The Kullback-Leibler (KL) divergence (which I am familiar with) is usually defined for probability distributions. However, even though some people claim that a probability distribution is just a synonym for probability measure, that is, some people claim that a probability distribution is a function $\mathbb{P}$ from the event space $\mathcal{F}$ to $[0, 1]$, or, more formally, $\mathbb{P}: \mathcal{F} \rightarrow [0, 1]$, other people claim that the definition of a probability distribution depends on the context.

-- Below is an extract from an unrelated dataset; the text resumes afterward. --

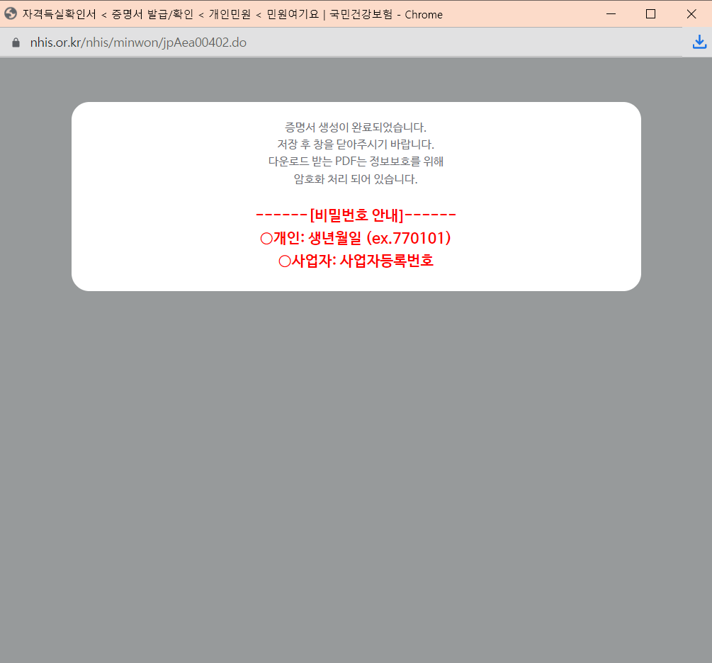 - 다운로드한 PDF를 열어보려면 비밀번호가 필요합니다.

For example, the Wikipedia article on the KL divergence defines the KL divergence as follows
For discrete probability distributions $P$ and $Q$ defined on the same probability space, $\mathcal {X}$, the Kullback–Leibler divergence of $Q$ from $P$ is defined to be
$$ D_\text{KL}(P \parallel Q) = \sum_{x\in\mathcal{X}} P(x) \log\left(\frac{P(x)}{Q(x)}\right) $$
A probability space $\mathcal{X}$ is usually defined as a triple consisting of the sample space $\Omega$, the event space $\mathcal{F}$ and the probability measure $\mathbb{P}$. So, it seems that the definition above says that a probability distribution (or probability measure, assuming that a probability distribution is a synonym for probability measure) is defined on a probability space, which is composed of a probability measure, so it seems that it states that probability distribution is defined on a probability distribution, which makes little or no sense. So, in the definition above, $P$ and $Q$ should not be probability measures. What's going on?

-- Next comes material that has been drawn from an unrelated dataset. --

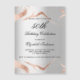 A faux silver looking background. Decorated with rose gold mable veins. Personalise and add a name, age and party details. The name is written with a hand lettered style script

Is the Kullback-Leibler divergence defined for probability measures or random variables, or something else (e.g. cumulative distribution functions)?
For two probability measures $\nu$ and $\mu$ s.t. $\nu\ll\mu$, the KL divergence of $\nu$ w.r.t. $\mu$ is defined as $$ D_{KL}(\nu\,||\,\mu)=\mathsf{E}^{\nu}\ln\left(\frac{d\nu}{d\mu}\right),\label{1}\tag{1} $$ where $d\nu/d\mu$ is the Radon-Nikodym derivative of $\nu$ w.r.t. $\mu$. If $\nu$ is not absolutely continuous w.r.t. $\mu$, $D_{KL}(\nu\,||\,\mu)=\infty$.
Indeed, a probability distribution is a probability measure (typically, on $\mathbb{R}^d$). However, when random variables are involved, their distributions are push-forward measures. In this case $D_{KL}$ "between random variables" is $\eqref{1}$ applied to the corresponding distribution functions.